I knew she was little and hardly ever did anything wrong, but she broke it. Bobe Malka gave it to me and it was my favorite. I was only yelling at her—I didn’t even hit her and I wanted to—and all of a sudden Papa appeared and told me to go lie down. Without supper. It wasn’t fair. I was crying and trying to show him my goose and he said it didn’t matter, I was old enough now, I had to learn responsibility.
“When you know better, that’s what it means,” he said, “you know better.

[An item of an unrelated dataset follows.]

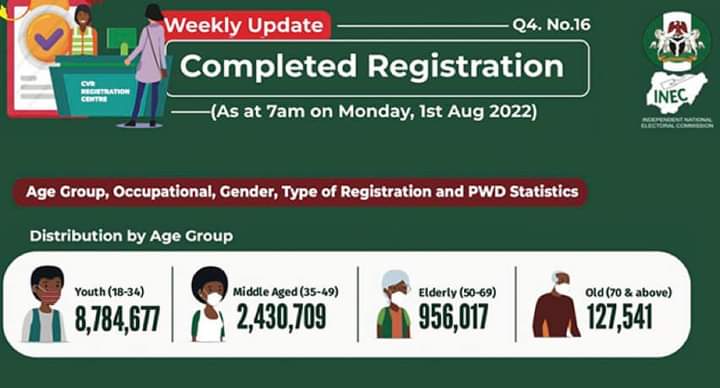 This chart, released by INEC on August 1, 2022, shows that young people make the bulk of Nigerians who completed voter registration in the recently concluded registration drive.

I want you to think about it. You want to study like your brothers? Then you must not behave like a child. Go to your bed.” His eyes were as black as his beard, almost as black as the long coat he always wore. When I tried to look at him for pity, he stared at me until I had to turn away.

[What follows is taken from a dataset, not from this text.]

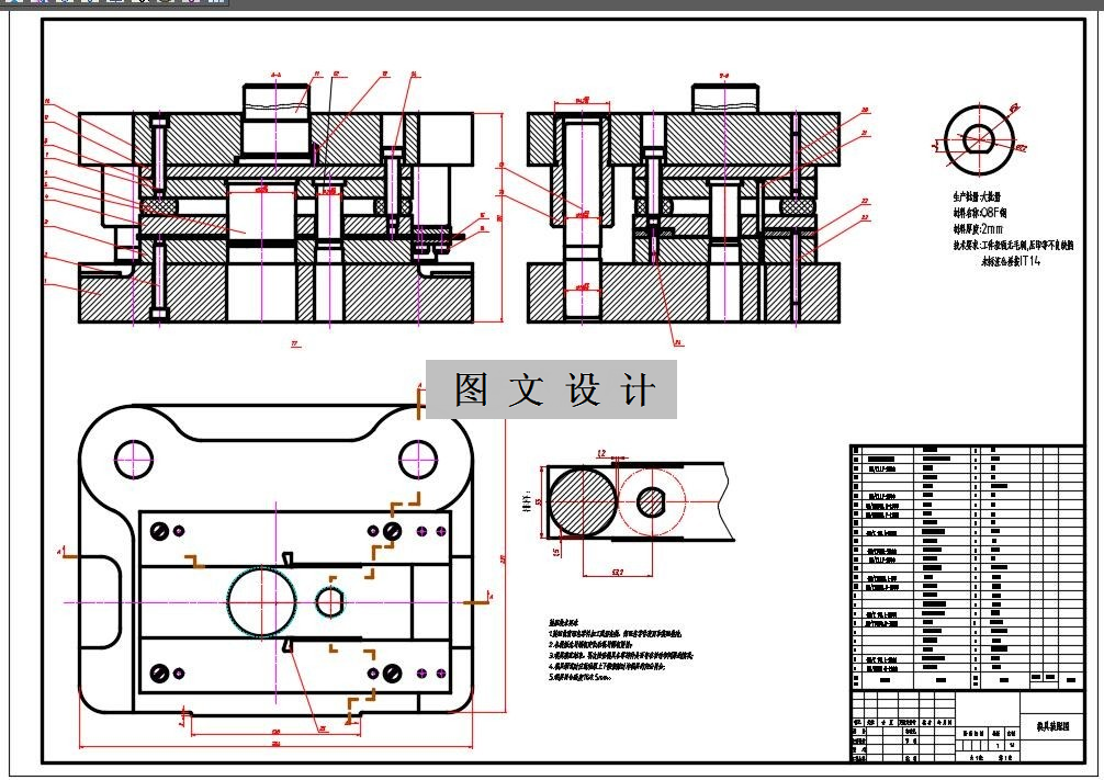 根据设计要求,本次采用的是级进模的设计方案,一起有装配图,落料凸模,冲孔凹模,冲孔凸模,图纸标注详细,精度达标,内容详实,稳定性好,连续模生产效率高1458574

In the winter, my bed was behind the curtain behind the stove. Sometimes I slept on the big tile oven to keep warm. The curtain was all covered with ash and I hated it. It wasn’t too bad in the dark but it looked so ugly when I had to lie there in the light, looking at the stains from the smoke. If I pretended to see letters in the stains it was more interesting. Up where I could hardly make it out, there was a smudge that looked like a lamed, and very faint, beneath it, almost a vov. Maybe it meant I was one of the secret lamed vovniks—one of the thirty-six most holy Jews in the world—that would teach them! No one ever said the lamed vovniks couldn’t be girls. Maybe I really was one and one day I would be revealed to them. They would be having supper or something, and a voice would fill the room, “Behold, my blessed Chava, one of the most holy, my righteous lamed vov.” Papa would be sorry then. He’d be sorry he didn’t send me to school in town and just let me learn from Mama and Daniel. He’d be sorry for every time he yelled at me. And Mama too, and Esther would be sorry for putting on such airs and pretending she was so much better than I was just because she was pretty and liked to crochet.

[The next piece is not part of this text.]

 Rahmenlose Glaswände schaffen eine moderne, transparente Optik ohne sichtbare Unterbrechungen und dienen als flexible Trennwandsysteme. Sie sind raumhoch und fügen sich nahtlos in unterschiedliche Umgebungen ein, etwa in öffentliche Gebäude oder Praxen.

I could hear Mama making dinner. I was hungry and my stomach hurt again. My stomach hurt a lot. I wanted to cry but I wasn’t supposed to. Everyone was moving around. That was the worst. Suppose I died back here and they didn’t even notice. That would have been a sin, to let a lamed vovnik die. It was daytime and the world was moving without me. I knew that it turned around and around, Mama told me. She showed me with an apple what it meant for the earth to go around the sun. I hoped Mama would bring me dinner. She was making potato kugl, one of my favorites. I could smell the fresh grated potatoes and onions. Would she forget about me? If I could make myself cry a little, very softly, she would come and see me and I wouldn’t be so lonely. But then I would have been a coward. Papa said I had to know better. I didn’t want to know better. I wanted my goose fixed and I wanted Mama to come tell me it was going to be all right, to bring me kugl. Mama was nicer. She would have helped me fix my goose and not have made me stay in bed in the daylight.